IHostedService and BackgroundService are singletons themselves, so they cannot inject a Scoped repository directly. Use IServiceScopeFactory to create a fresh scope per work item:
public class ImportWorker : BackgroundService
{
private readonly IServiceScopeFactory _scopeFactory;
public ImportWorker(IServiceScopeFactory scopeFactory) =>
_scopeFactory = scopeFactory;
protected override async Task ExecuteAsync(CancellationToken stoppingToken)
{
while (!stoppingToken.IsCancellationRequested)
{
// One scope per iteration -> one repository per iteration -> disposed at scope end.
using var scope = _scopeFactory.CreateScope();
var repo = scope.ServiceProvider.GetRequiredService<RecordRepository>();
await repo.ImportNextBatchAsync(stoppingToken);
await Task.Delay(TimeSpan.FromMinutes(1), stoppingToken);
}
}
}If your worker is simple and doesn't need DI for anything else, using var repo = new RecordRepository(connStr); inside the loop is a fine alternative.
ADO.NET pools physical SQL Server connections per process by connection-string identity. With pooling enabled (the default), using var repo = new MyRepo(connStr) borrows from the pool — opening it is microseconds.

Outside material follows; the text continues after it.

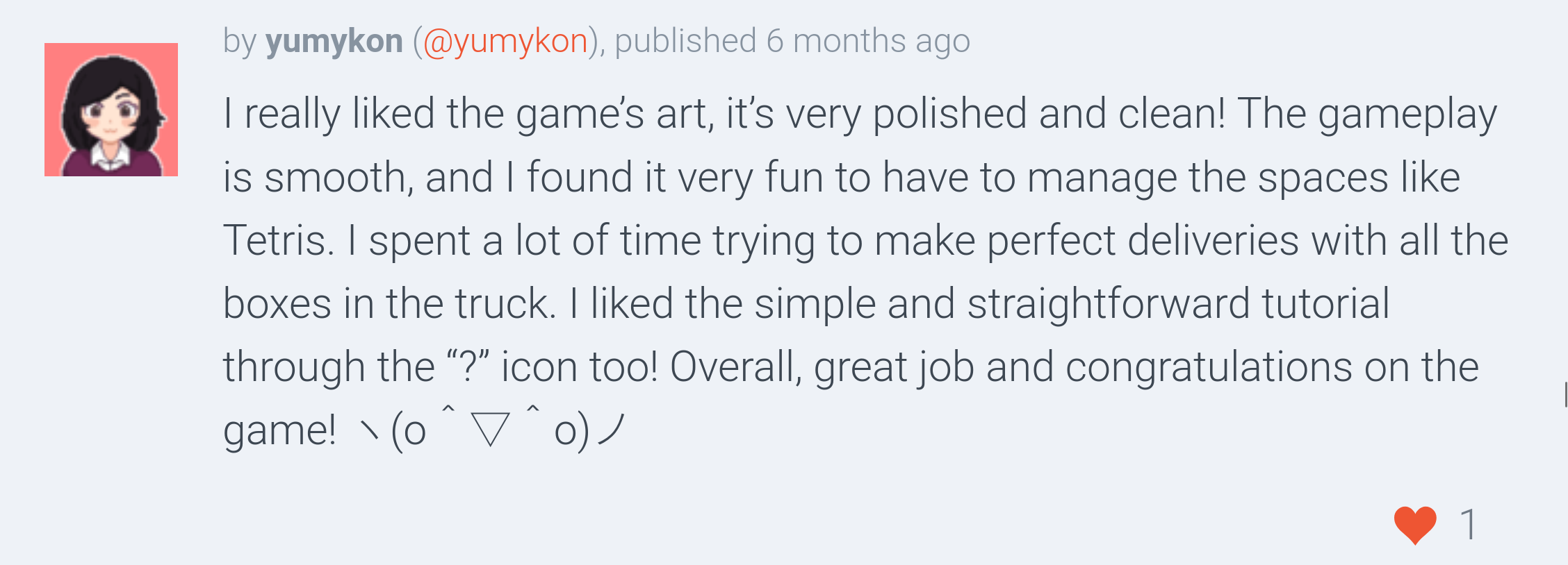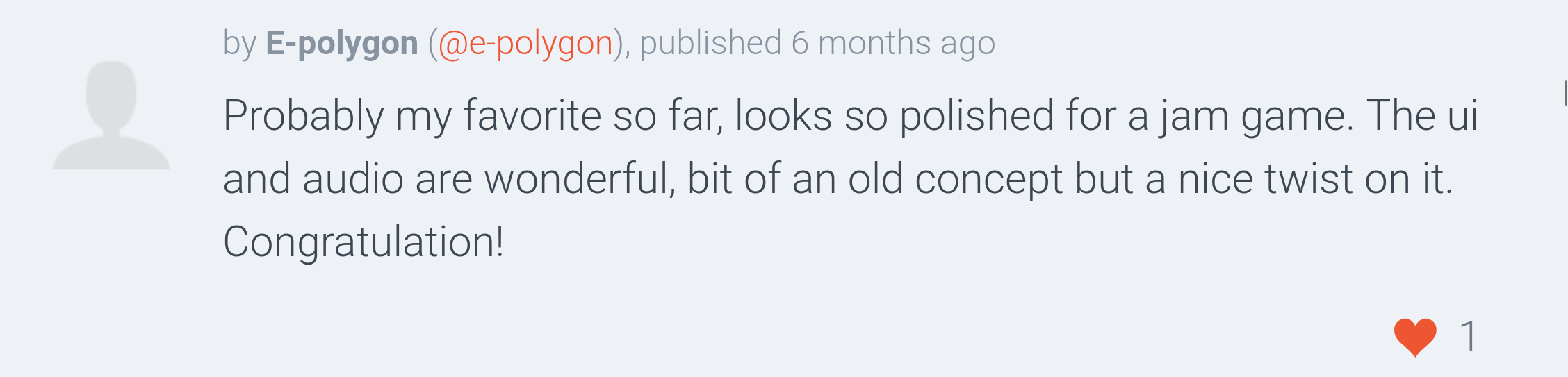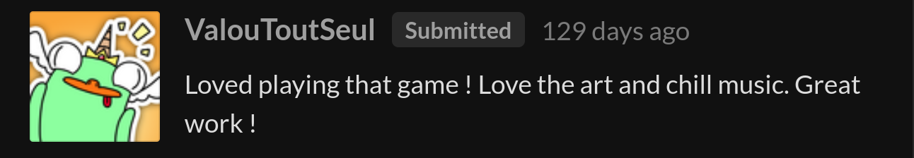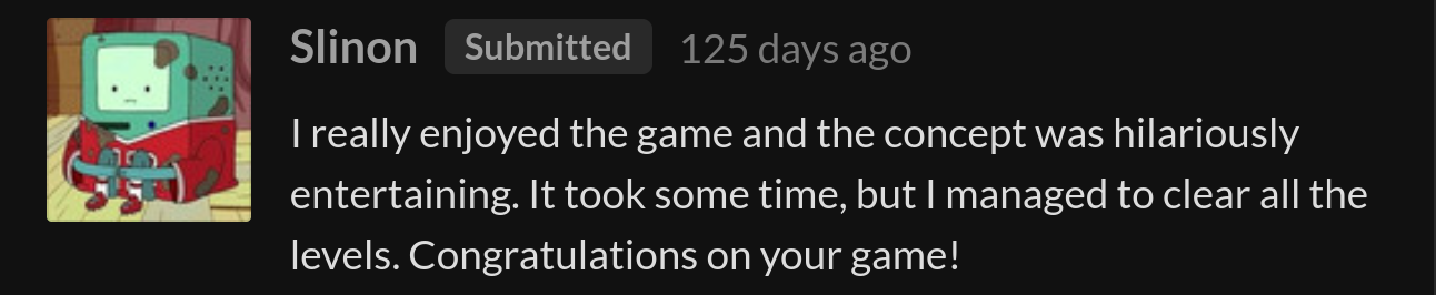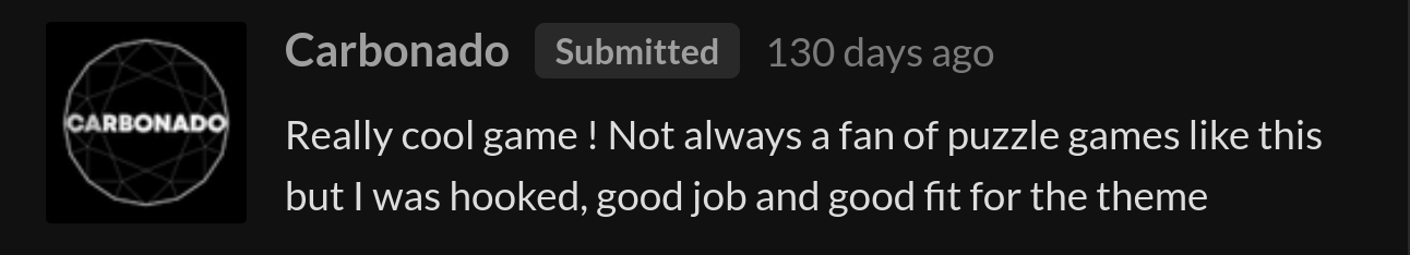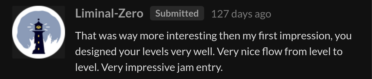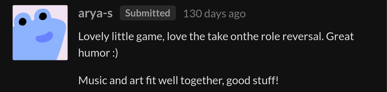 The game was well received by the community, ranking #73 overall and #48 in fun out of 1720 Jam submissions.

With Pooling=False, every Open() does a full TDS handshake, which is hundreds of milliseconds and will absolutely show up in your ASP.NET Core p99 latency.
# Production: Pooling is on by default; do not turn it off.
Data Source=...;Initial Catalog=...;Integrated Security=True;TrustServerCertificate=True;
# Tests sometimes use Pooling=False to surface connection-leak bugs that
# would otherwise be masked by the pool. That's fine for tests, never for
# production.
Layered configuration works the same way as for any other service:
// appsettings.json + appsettings.Development.json + environment variables + user-secrets
var connStr = builder.Configuration.GetConnectionString("DatabaseConnection")!;For developer-machine overrides, prefer .NET user-secrets over machine-name-suffixed config keys:
dotnet user-secrets set "ConnectionStrings:DatabaseConnection" "Data Source=..."If you have many repository classes, you can roll your own bulk-registration extension to avoid one AddScoped line per type:
public static IServiceCollection AddRepositories(
this IServiceCollection services,
string connectionString,
Assembly assembly)
{
foreach (var t in assembly.GetTypes()
.Where(t => !t.IsAbstract &&
typeof(RepositoryBase).IsAssignableFrom(t)))
{
services.AddScoped(t, sp => ActivatorUtilities.CreateInstance(sp, t, connectionString));
}
return services;
}ActivatorUtilities.CreateInstance lets the constructor request additional DI dependencies (an ILogger<T>, etc.) alongside the connection string.